4.2. Muscle Protein Abundance

Many have characterized the differences in glycolytic and oxidative muscles by analyzing mitochondrial protein abundance and glycolytic enzyme activity [12,13,37,38]. In the present study, bovine and porcine oxidative and glycolytic muscles contain more oxidative or glycolytic protein markers, respectively. This is consistent with previous work showing that porcine glycolytic muscle contains more glycolytic enzyme abundance and activity than its slower-contracting counterpart [38]. Surprisingly, only avian muscle had detectible differences in VDAC, suggesting there may be more demand for metabolite transport in and out of the mitochondria in avian oxidative muscle. Interestingly, avian oxidative muscle has more CS and VDAC, but no differences in other glycolytic markers investigated. The increase in mitochondrial protein correlates with the abundance of type I and IIa fibers in oxidative muscles [39], while the lack of glycolytic protein differences can be related to genetic selection for optimizing growth rate. However, the lack of difference in SDHA between avian muscles suggests that mitochondria may play a critical but alternative role in glycolytic muscles than traditionally thought. Together, these data show that oxidative muscle contains more mitochondrial-specific proteins compared to their glycolytic counterparts, regardless of species, and suggest mitochondrial protein abundance is a good indicator of oxidative metabolism in the skeletal muscle of these species.

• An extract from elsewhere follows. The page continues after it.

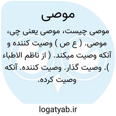 موصی. ( ع ص ) وصیت کننده و آنکه وصیت میکند. ( از ناظم الاطباء ). وصیت گذار. وصیت کننده. آنکه وصیت کرده. ( یادداشت مؤلف ).وصیت کننده. و شرط است در آن کمال، عقل، رفع حجر و بلوغ. وصیت مجنون و سکران و آنکه خود را مجروح کند به جرح مهلک باطل است. ( از فرهنگ علوم نقلی تألیف سیدجعفر سجادی ). || اندرزکننده. ( آنندراج ).

4.3. Abundance of Proteins in Mitochondrial Fraction

A mitochondrial enriched fraction was used to determine specific differences in mitochondrial electron transport chain (ETC) subunits. This enriched fraction may provide a clearer understanding of protein differences on a per mitochondria protein basis, that may not be detected on a whole muscle cell protein extraction. Unfortunately, complex IV was undetectable within our Western blotting analyses across all species, even with rodent muscle control. No differences in complex III and complex V were detected within each species, suggesting that there was not a protein abundance difference on a per mitochondrial protein basis. Regardless, increased concentrations of complex I in bovine and porcine mitochondria suggest that oxidative muscle mitochondria may have the ability to meet the heightened metabolic energy demands that mitochondria from glycolytic muscle lack. In the avian mitochondrial enriched fraction, there were no differences in ETC complexes, but there was a greater abundance of voltage dependent anion channel (VDAC). VDAC is typically used as a loading control for mitochondrial enriched fractions [20]. Interestingly in the present study, avian whole muscle preparation contained more VDAC in oxidative muscle but within isolated mitochondria, there was more VDAC in the glycolytic sample. This can be explained by a greater distribution of VDAC on the outside of the mitochondria to deliver ATP and anions to and from the mitochondria [40]. Perhaps, avian oxidative muscle contains more VDAC mitochondrial protein on a total protein (per µg) basis, but the isolated mitochondrial data indicated that glycolytic mitochondria contain more VDAC pores to allow ease of signaling metabolites in and out of the mitochondria. It is important to note that not all species contain the same amount of these proteins, possibly due to metabolism differences across species. Because mitochondria protein abundance is only an indirect measure of mitochondrial function, these data should be paired with respiration data to support mitochondria functionality.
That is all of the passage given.